Give a verbatim copy of the lines below, minus the pictures.

* _Data below_:
# # # #

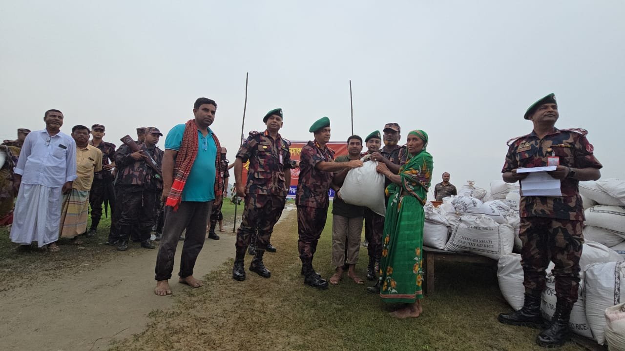 ত্রাণ হিসেবে প্রায় ১২০টি পরিবারকে চাল, ডাল, তেল, লবণ, চিনি ও অন্যান্য নিত্যপ্রয়োজনীয় সামগ্রী প্রদান করা হয়। বিজিবির পক্ষ থেকে জানানো হয়, ভবিষ্যতেও এ ধরনের দুর্যোগে ক্ষতিগ্রস্ত মানুষের পাশে দাঁড়াতে তারা বদ্ধপরিকর।
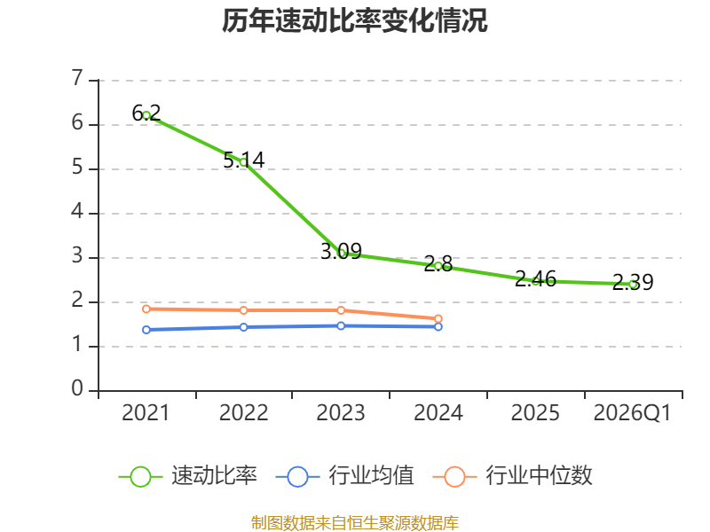 2026年第一季度,公司流动比率为2.61,速动比率为2.39。
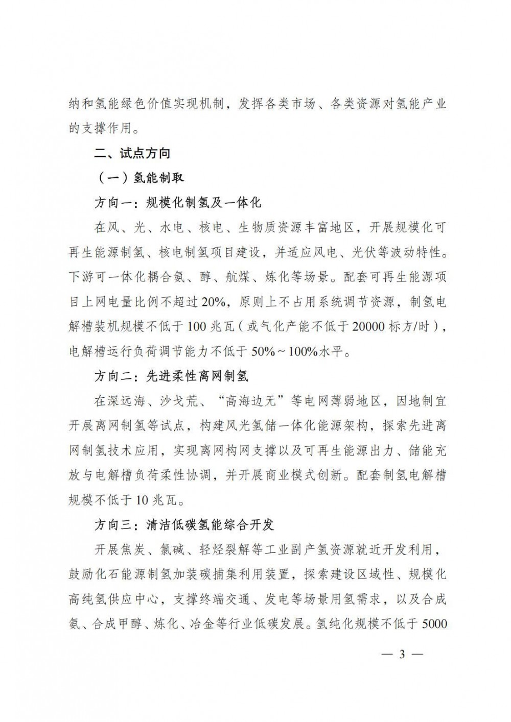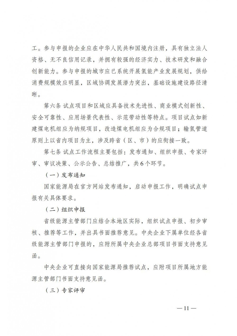 二、试点方向。包括氢能制取、储运、应用及共性支撑等4大方向、共11个小方向。各试点方向具体要求见《通知》。

# # # #

* _Output of the exercise_:
 ত্রাণ হিসেবে প্রায় ১২০টি পরিবারকে চাল, ডাল, তেল, লবণ, চিনি ও অন্যান্য নিত্যপ্রয়োজনীয় সামগ্রী প্রদান করা হয়। বিজিবির পক্ষ থেকে জানানো হয়, ভবিষ্যতেও এ ধরনের দুর্যোগে ক্ষতিগ্রস্ত মানুষের পাশে দাঁড়াতে তারা বদ্ধপরিকর।
 2026年第一季度,公司流动比率为2.61,速动比率为2.39。
 二、试点方向。包括氢能制取、储运、应用及共性支撑等4大方向、共11个小方向。各试点方向具体要求见《通知》。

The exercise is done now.